By Beth O’Keefe RN Care Coordinator with VNSNY CHOICE Health Plans, from the not-for-profit Visiting Nurse Service of New York

Asian Chinese mid-adult female medical practitioner checking blood pressure of African American middle-aged female patient.

Fall is in the air and whenever the seasons change it makes sense to perform a basic health check—especially for older adults, the elderly and those with functional disabilities who may be homebound, or slowing down, and not getting out and about as much as they used to. As a Registered Nurse with VNSNY CHOICE Health Plans in the Hudson Valley and upstate New York, I provide care management for members of our health plan who often live alone, have functional deficits, and/or have various  health ailments that frequently include high blood pressure.

High blood pressure, also known as hypertension, has symptoms that are often subtle—and can be missed by a person who has elevated blood pressure. Having high blood pressure boosts the risk of death due to a heart attack or a stroke, suffering an aneurysm, and having cognitive decline or kidney failure.While high blood pressure cannot be cured, it is critical that it be controlled and managed. Along with medical management and medication therapy as indicated, healthy lifestyle changes like weight loss, a healthy diet and exercise are very important means to addressing high blood pressure.

Management in the home setting is an important way to minimize the risks associated with a diagnosis of hypertension. Registered Nurse Care Coordinators in our health plan, work to ensure that our members with hypertension learn to manage their medications, maintain healthy lifestyles, be aware of the importance of regular follow-up with their health care provider; and be knowledgeable of signs and symptoms to report to their health care provider or that may require emergency interventions.

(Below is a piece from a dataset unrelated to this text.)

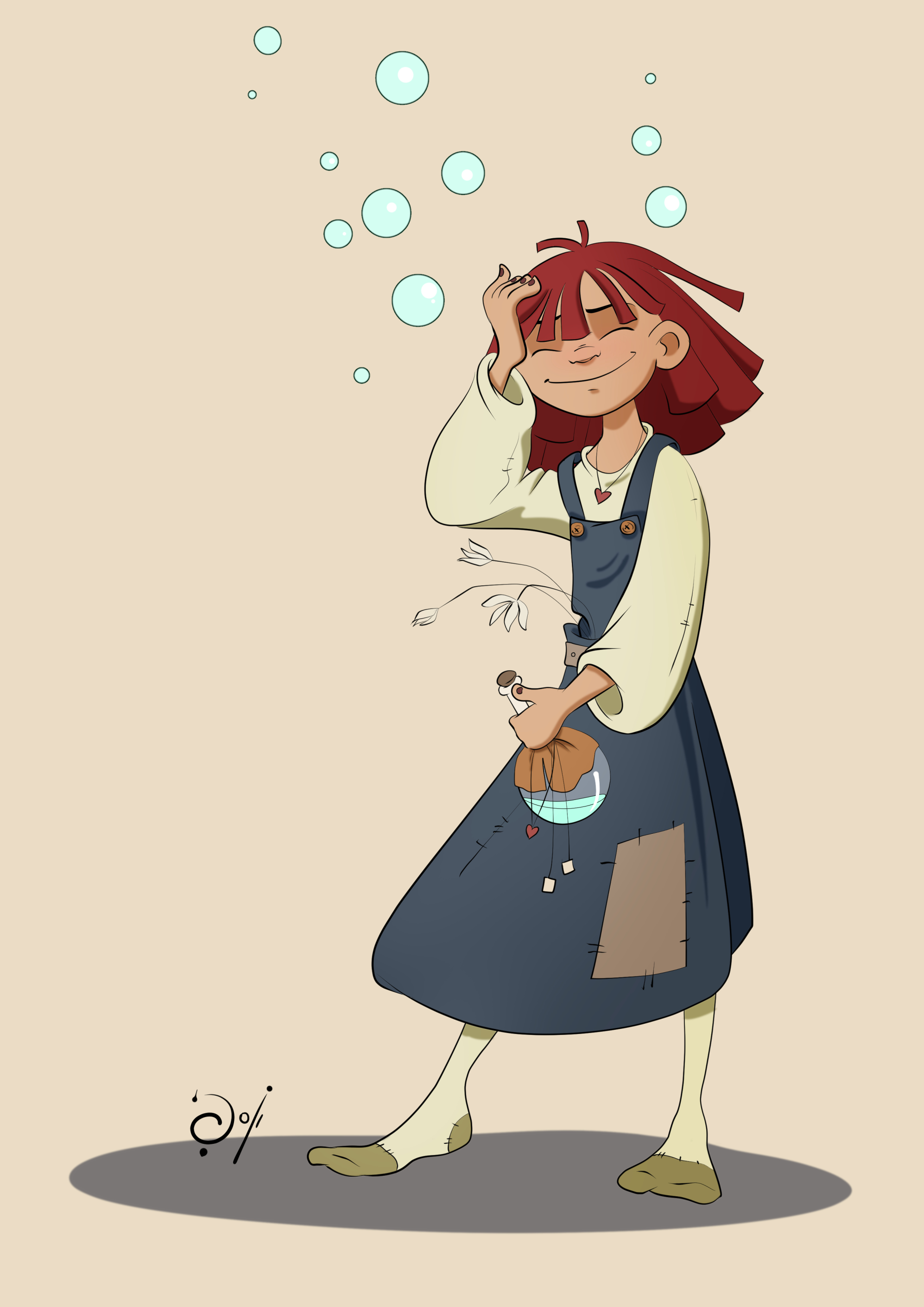 בסצנה המצויירת, נתפסה דמותו של העלם החביב בדיוק בשבריר השניה בו השק הכבד החליק פתאום עשרות סנטימטרים באחת כלפי מטה, תוך שהוא מושך אחריו את העלם המבועת האוחז בכל כוחו בשולי השק ומנסה לעצור את תנועתו הפתאומית. בדיוק ברגע זה, כיפתו של העלם טרם קלטה את המתרחש, ולכן נותרה היא במקומה הראשון טרם הורתה ולידתה של הסצנה...

The following reminders are important for all adults to review with their physician or health care provider, but are especially so for anyone over the age of 65:

Review and Update Medications

Once a year all medications taken should be reviewed with your health care provider for necessity, regimen, dosage needed, effectiveness, side effects and interactions.  It is also important to keep an up-to-date list of all the medications you are taking, including over-the-counter medications and any supplements you take. For many people, including people who are forgetful, a medication pre-pour box can help to ensure that medications are being taken correctly. Finally, it is important to use only one pharmacy for all of your medication needs, in order to decrease the risk of medication errors and interactions.

Dietary Guidelines

Dietary changes are often needed when managing blood pressure. Gradually changing your diet will result in better long-term success. The goal is to decrease your daily sodium intake to 2mg a day unless otherwise instructed by your health care provider, increase your intake of healthy fats, decrease your intake of unhealthy fats, increase your intake of lean proteins, legumes and whole grains, and increase your intake of vegetables and fruit.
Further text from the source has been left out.